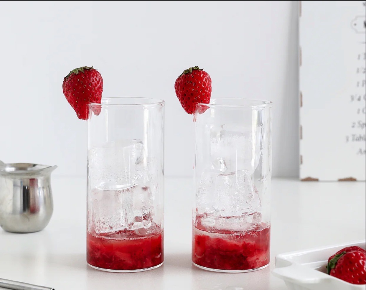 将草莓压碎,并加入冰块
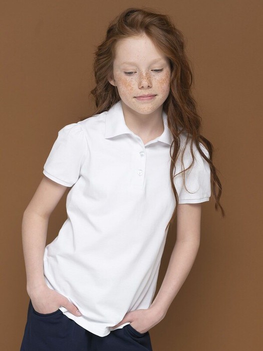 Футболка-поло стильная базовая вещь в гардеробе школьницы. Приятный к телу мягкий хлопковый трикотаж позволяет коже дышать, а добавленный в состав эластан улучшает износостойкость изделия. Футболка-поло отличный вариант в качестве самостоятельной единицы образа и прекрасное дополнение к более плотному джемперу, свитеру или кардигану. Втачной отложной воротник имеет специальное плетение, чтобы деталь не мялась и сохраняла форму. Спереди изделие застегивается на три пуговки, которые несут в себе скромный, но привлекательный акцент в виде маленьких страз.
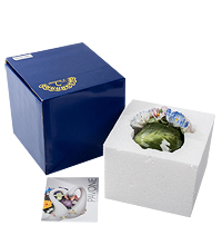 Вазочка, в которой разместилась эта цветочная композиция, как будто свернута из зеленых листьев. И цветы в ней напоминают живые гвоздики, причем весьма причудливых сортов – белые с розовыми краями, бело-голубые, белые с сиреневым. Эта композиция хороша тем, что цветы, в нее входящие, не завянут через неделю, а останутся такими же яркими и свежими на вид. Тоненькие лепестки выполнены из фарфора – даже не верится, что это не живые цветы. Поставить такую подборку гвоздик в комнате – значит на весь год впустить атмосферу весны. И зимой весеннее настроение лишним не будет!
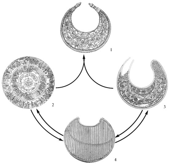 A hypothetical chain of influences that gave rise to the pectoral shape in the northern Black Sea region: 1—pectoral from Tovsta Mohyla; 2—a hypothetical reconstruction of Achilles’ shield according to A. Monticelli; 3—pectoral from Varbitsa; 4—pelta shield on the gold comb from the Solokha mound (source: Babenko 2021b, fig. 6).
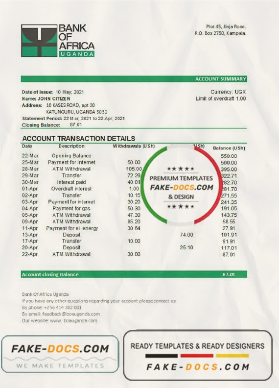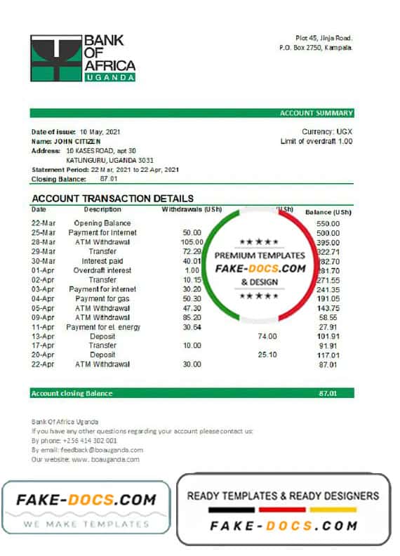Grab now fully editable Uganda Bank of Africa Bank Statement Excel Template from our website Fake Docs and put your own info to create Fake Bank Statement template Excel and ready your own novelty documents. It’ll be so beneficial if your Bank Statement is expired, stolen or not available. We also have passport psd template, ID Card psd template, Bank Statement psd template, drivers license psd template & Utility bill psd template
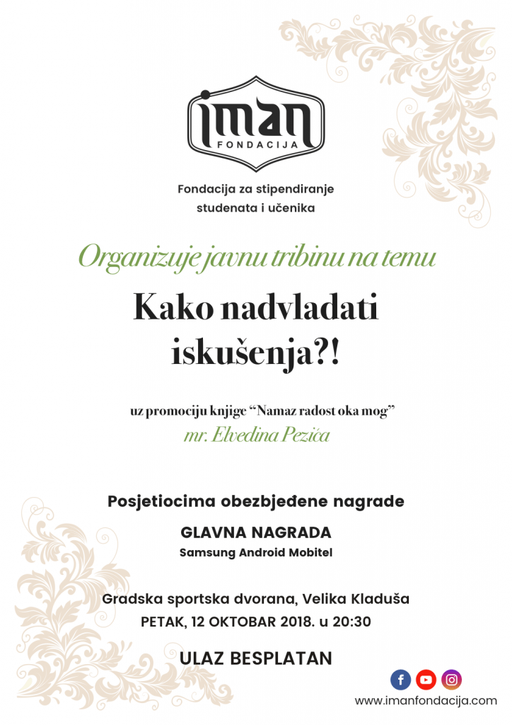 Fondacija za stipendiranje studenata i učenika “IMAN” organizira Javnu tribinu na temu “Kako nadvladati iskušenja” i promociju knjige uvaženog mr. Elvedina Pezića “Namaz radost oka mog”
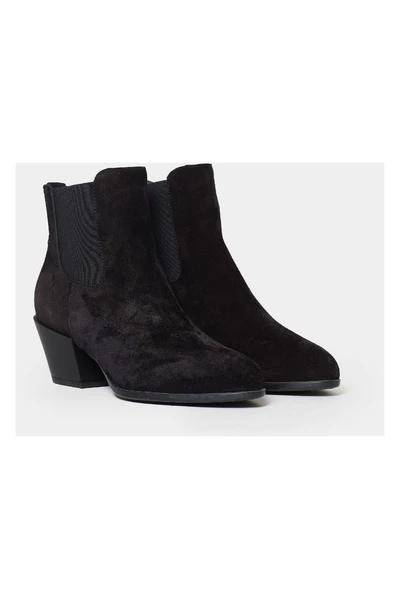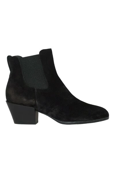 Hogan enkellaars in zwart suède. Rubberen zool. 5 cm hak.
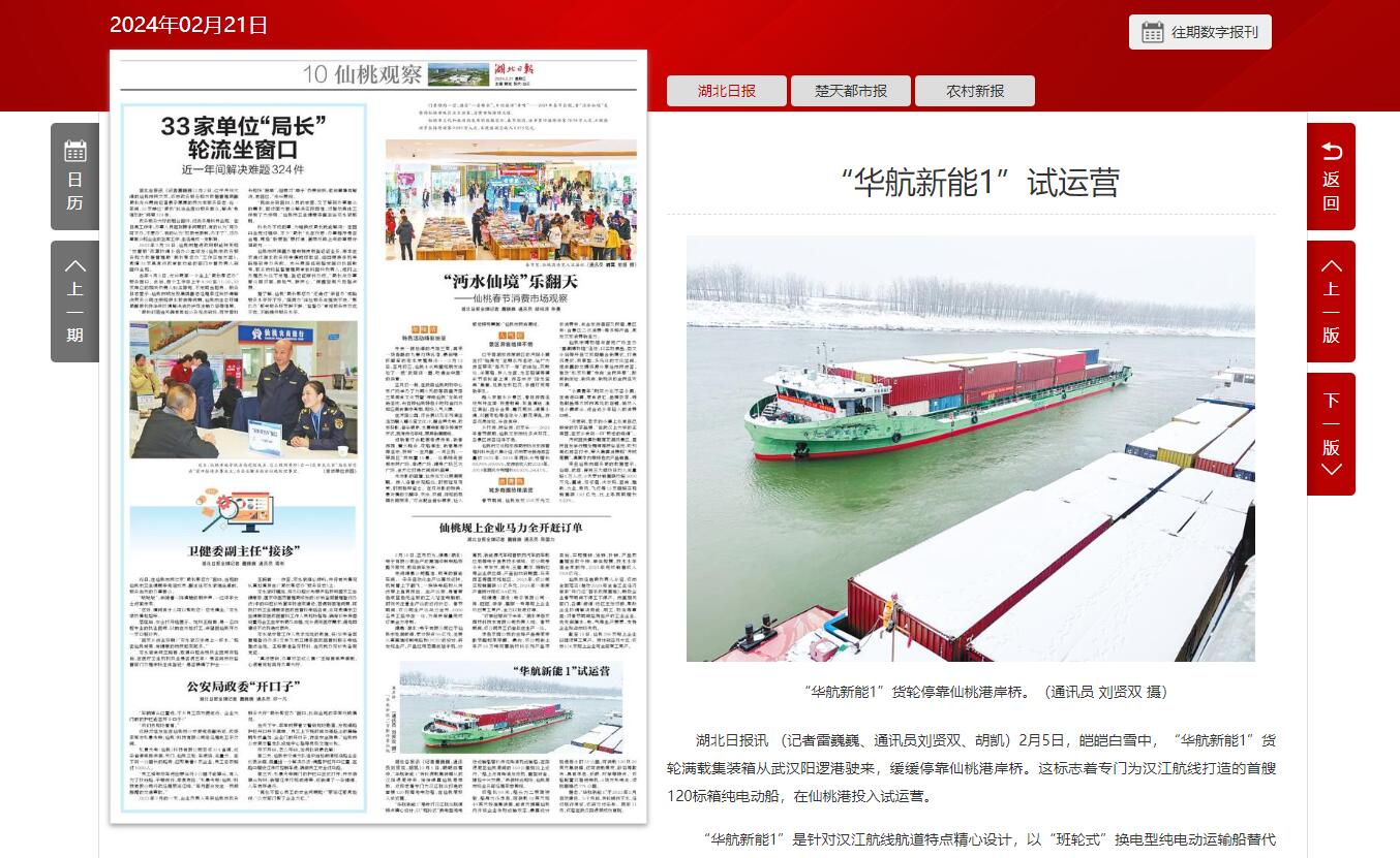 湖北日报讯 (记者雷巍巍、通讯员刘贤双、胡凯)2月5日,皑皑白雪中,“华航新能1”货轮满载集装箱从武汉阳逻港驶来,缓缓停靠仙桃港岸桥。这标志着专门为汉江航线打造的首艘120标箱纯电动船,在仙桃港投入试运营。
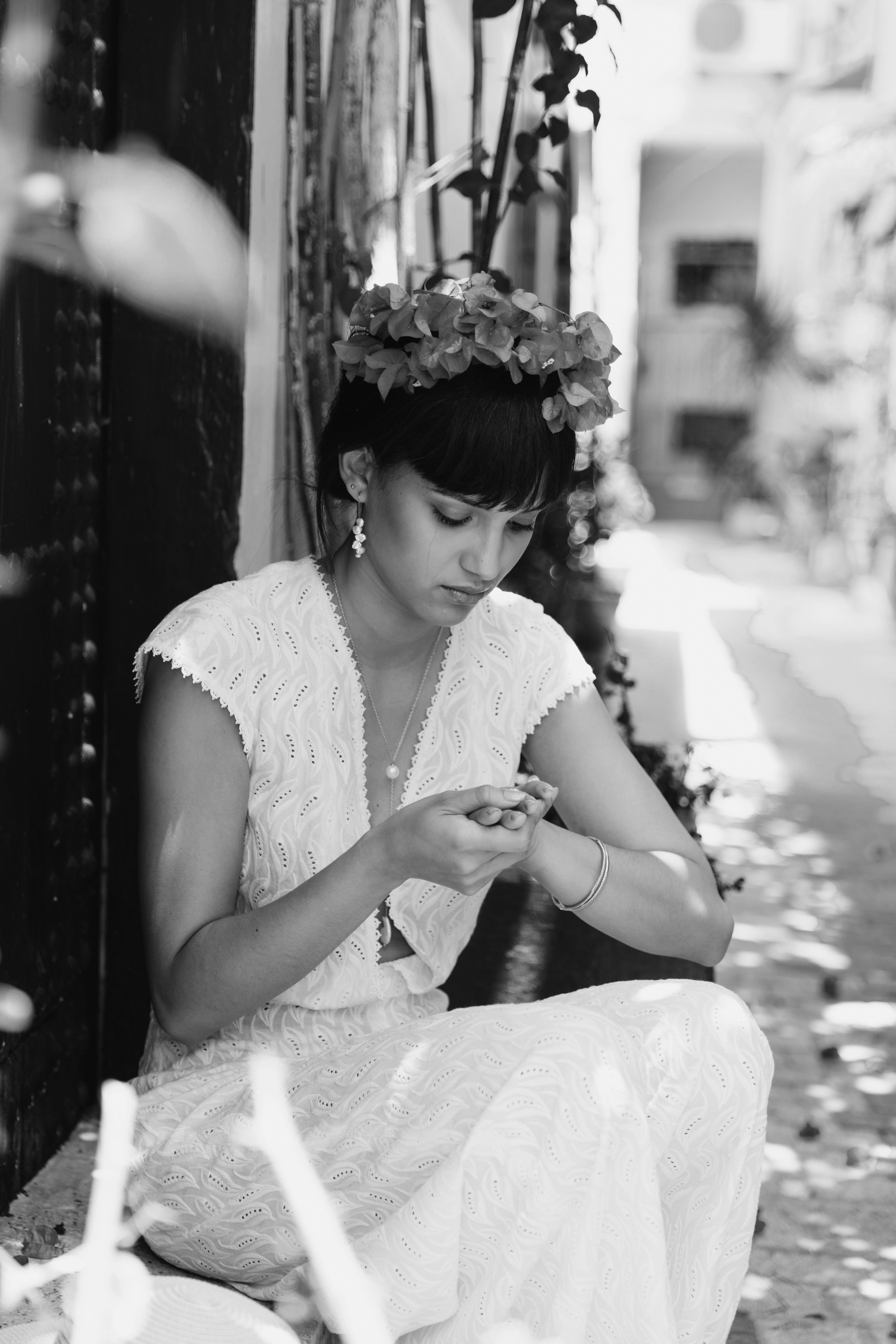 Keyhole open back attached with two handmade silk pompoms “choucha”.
════
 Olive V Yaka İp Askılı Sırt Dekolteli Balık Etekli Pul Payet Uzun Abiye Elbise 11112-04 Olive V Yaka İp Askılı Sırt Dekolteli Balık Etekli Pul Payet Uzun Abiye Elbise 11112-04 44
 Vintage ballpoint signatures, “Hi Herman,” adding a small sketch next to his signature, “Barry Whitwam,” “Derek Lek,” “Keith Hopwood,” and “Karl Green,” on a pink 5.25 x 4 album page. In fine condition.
════
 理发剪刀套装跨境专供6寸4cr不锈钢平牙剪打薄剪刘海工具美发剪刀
════
> PROMPT: Please copy the lines above exactly, starting at the line that holds "Fondacija za stipendiranje" and ending at the line that holds "Keyhole open back"; include both, but no pictures.

> RESULT OF THIS EXERCISE:
 Fondacija za stipendiranje studenata i učenika “IMAN” organizira Javnu tribinu na temu “Kako nadvladati iskušenja” i promociju knjige uvaženog mr. Elvedina Pezića “Namaz radost oka mog”
 Hogan enkellaars in zwart suède. Rubberen zool. 5 cm hak.
 湖北日报讯 (记者雷巍巍、通讯员刘贤双、胡凯)2月5日,皑皑白雪中,“华航新能1”货轮满载集装箱从武汉阳逻港驶来,缓缓停靠仙桃港岸桥。这标志着专门为汉江航线打造的首艘120标箱纯电动船,在仙桃港投入试运营。
 Keyhole open back attached with two handmade silk pompoms “choucha”.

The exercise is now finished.